Lambrecht-Video: Politiker setzen auf Selbstinszenierung

Minister sind auch nur Menschen – aber, wie man inzwischen hinzufügen muss: Menschen, die Minister sind. Zunehmend verstörend erscheint die Tendenz unter Politikern, die Präsentation der eigenen Person in der Öffentlichkeit wichtiger zu nehmen als das Amt. Sicher, beides gehört zusammen, aber eben nicht zu gleichen Teilen. Grotesk wird es, wenn das Ego so groß ins Bild kommt, dass das Ministerium dahinter kaum mehr zu erkennen ist. So wie im Silvestervideo von SPD-Verteidigungsministerin Christine Lambrecht.

Der peinliche Auftritt der Politikerin vor ihren Followern auf Instagram steht für sich, aber darüber hinaus für die über alle Ufer tretende Begeisterung am Ich. Dies ist in der Politik ebenso zu beobachten wie in der Gesellschaft, fällt aber dort stärker ins Gewicht, wo es ums große Ganze geht.

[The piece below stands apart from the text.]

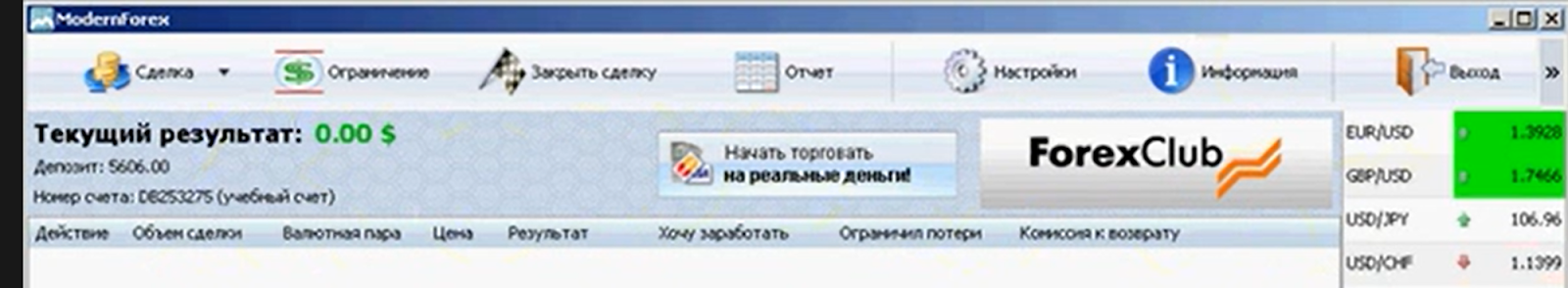 Сейчас, с высоты современных технологий, Modern Forex выглядит довольно архаично. Всего 11 валютных пар, ручное управление сделками через скромные шесть кнопок и отсутствие сложных алгоритмов или копирования сделок. При этом у терминала были свои плюсы: бесплатное пользование для клиентов Forex Club, мультиязычность, а также полезные обучающие материалы.

Wenn Lambrecht nicht etwa am heimischen Fonduetopf, sondern vor aller Augen davon salbadert, dass der Krieg in der Ukraine ihr „viele besondere Eindrücke, Begegnungen mit interessanten und tollen Menschen“ beschert habe, zeigt das eine Selbstbezogenheit, die Weltgeschehen zu Lambrechtgeschehen eindampft. Das ist zynisch, aber vor allem deshalb erschreckend, weil die Methode System hat. Die Aufmerksamkeit, die dem Amt zu verdanken ist, soll dem Amtsinhaber nützen.

Debattenbeiträge vom Typ „Wunderkerze“

Unfreiwillig komisch mutet es noch an, wenn der Sprecher des Verteidigungsministeriums seinen Twitter-Account als „rein privat“ deklariert, während er von Twitter selbst als Mitarbeiter der Regierung ausgewiesen wird: „Germany government official“, aber hier bloß zum Vergnügen? Wirklich problematisch wird es allerdings, wenn ein Politiker kraft seines Amtes Aufmerksamkeit auf sich lenkt, um dann aber eine Äußerung vom Typ Wunderkerze – kurz sprühend, sodann verglühend – folgen zu lassen. So nutzte etwa Gesundheitsminister Karl Lauterbach seine Reichweite auf Twitter, um dort am Neujahrstag zu fordern, denjenigen, die in der Silvesternacht Rettungskräfte attackiert hätten, sollten die Wohnungen gekündigt werden. Diesen Tweet löschte der SPD-Politiker zwar bald schon wieder, doch das machte es kaum besser. Wieder einmal hatte ein führender Politiker einen persönlichen Kommentar zu einer Sache, die gar nicht seine war, der Zurückhaltung vorgezogen.

Freilich kommunizieren Politiker nicht im luftleeren Raum, und manche Journalisten verarbeiten nur zu gern noch die allerblödeste Äußerung zu einer Nachricht. Politiker, die bei Twitter ausgestiegen sind, berichten davon, dass die Zahl der Anrufe aus Redaktionen deutlich abgenommen habe: Wer nicht beständig lärmt, wird mitunter schlicht vergessen. Das trifft allerdings nicht auf Politiker zu, die entweder wirklich etwas mitzuteilen haben – denn das wissen dann auch Journalisten – oder die wirklich wichtig sind, wie etwa Minister. Die vergisst keiner, wie etwa die Präsenz des grünen Wirtschaftsministers Robert Habeck zeigt. Er ist schon vor Jahren bei Twitter ausgestiegen. Es hat ihm nicht geschadet.

Im Fall Lambrecht kommt hinzu, dass das unwürdige Video nicht etwa einen traurigen Höhepunkt darstellt, sondern fast schon eine Alltäglichkeit im Wirken der Ministerin. Gerade ein Bundeskanzler, der im Wahlkampf „Respekt“ versprach, sollte wissen, dass diesen nicht nur die Bürger verdienen, sondern auch Staatsämter.